- Kenny's hard and pokey-keys keyboard
- The scale (again, ass on floor, upper body stretched across the scale)
- Ass half-on the couch arm, body stretched across the end table
See the pattern? Not really a big deal, until he moved his weirdness to the alarm clock. Last week we struggled. Twink reset the time, turned off the alarm, and changed the time from regular to military time. I was waking up in the middle of the night at 23:00 hours - he also set the AM/PM button, it was totally screwed up. The final straw came Thursday night, when he was adjusting himself and pressed on some button that instantaneously blared some hip/hop station at 3:00 a.m. Needless to say, people & cats went flying up out of that bed. Stanley, who sleeps on a pillow at the head of the bed, vaulted straight up in the air and over my head, kicking off on the nightstand and knocking stuff over in the process. Girlie, who sleeps on Kenny's side of the bed, took off like a cat outta hell, kicking over some stuff on his nightstand. Someone scratched me on both arms as well as a scratch under the cheek of my ass. Kenny and I did our part to add to the chaos by bolting straight up, each of us lunging for the on/off button in tandem. It was quite a moment, not to mention Kenny thought he was going to have a heart attack from the jolt he received. Timmy, who lives below us, got a 3:00 a.m. treat I'm sure he enjoyed.
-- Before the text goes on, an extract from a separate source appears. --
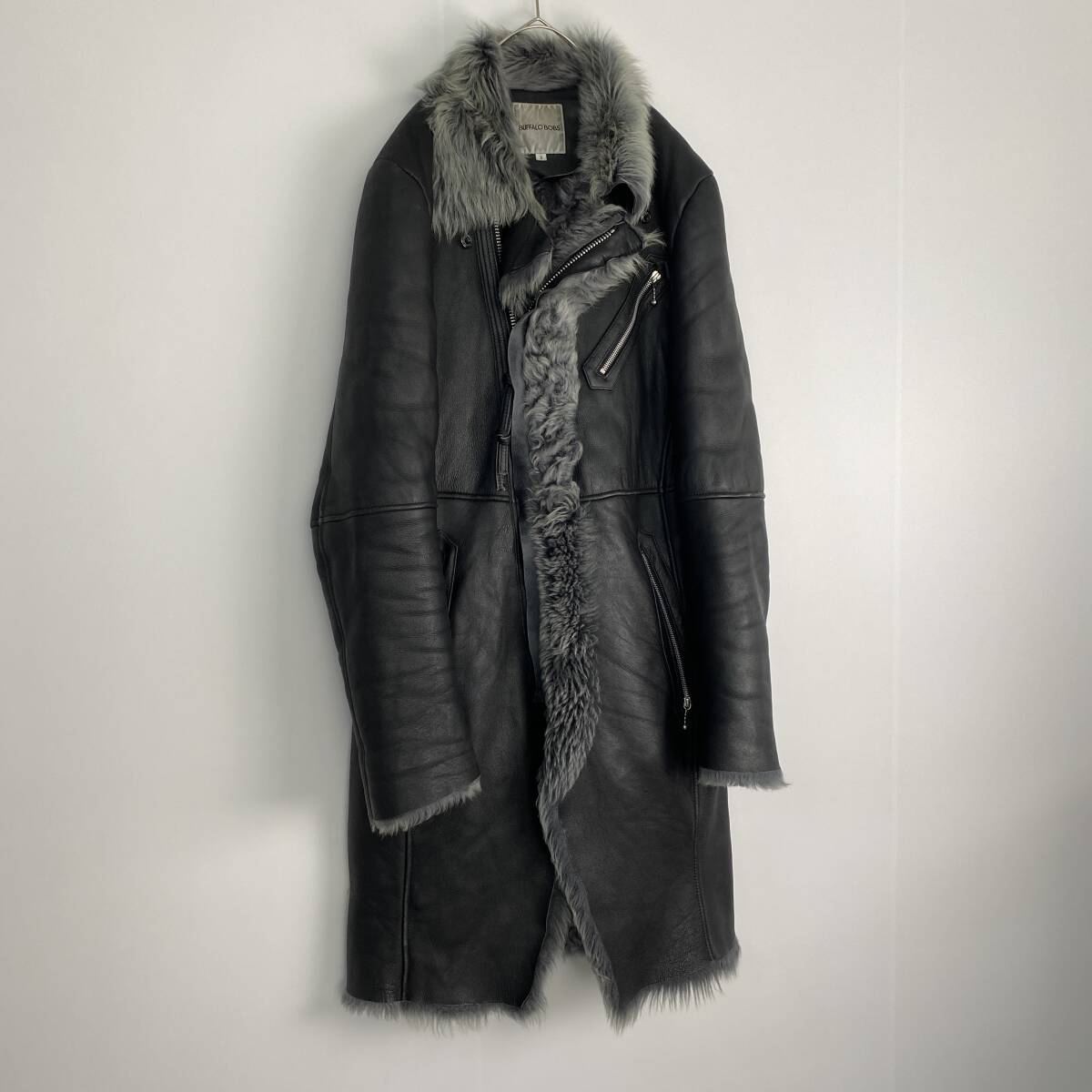 【状態】襟黄ばみ 裏地左部分の毛劣化 左ポケットやぶれ 右ポケット裏地ほつれ 革全体的に擦れあり(写真を参考に)胸ポケットフェイク

It was time to take action. So Sunday night I lined up a bunch of items on top of the alarm clock to provide cat blockage. The line up included hand cream, bottled water (closed tightly), nasal spray (I'm a sexy machine at night), and my reading glasses case. I figured those things would deter him from trying to move in on the alarm. Figures, he didn't come to bed. But Monday night he was back. I awoke to him scooching around near my head, settling in but unable to make the stretch out. Twinkle has been clock-blocked! Let's see if the clock-blocking holds through the week.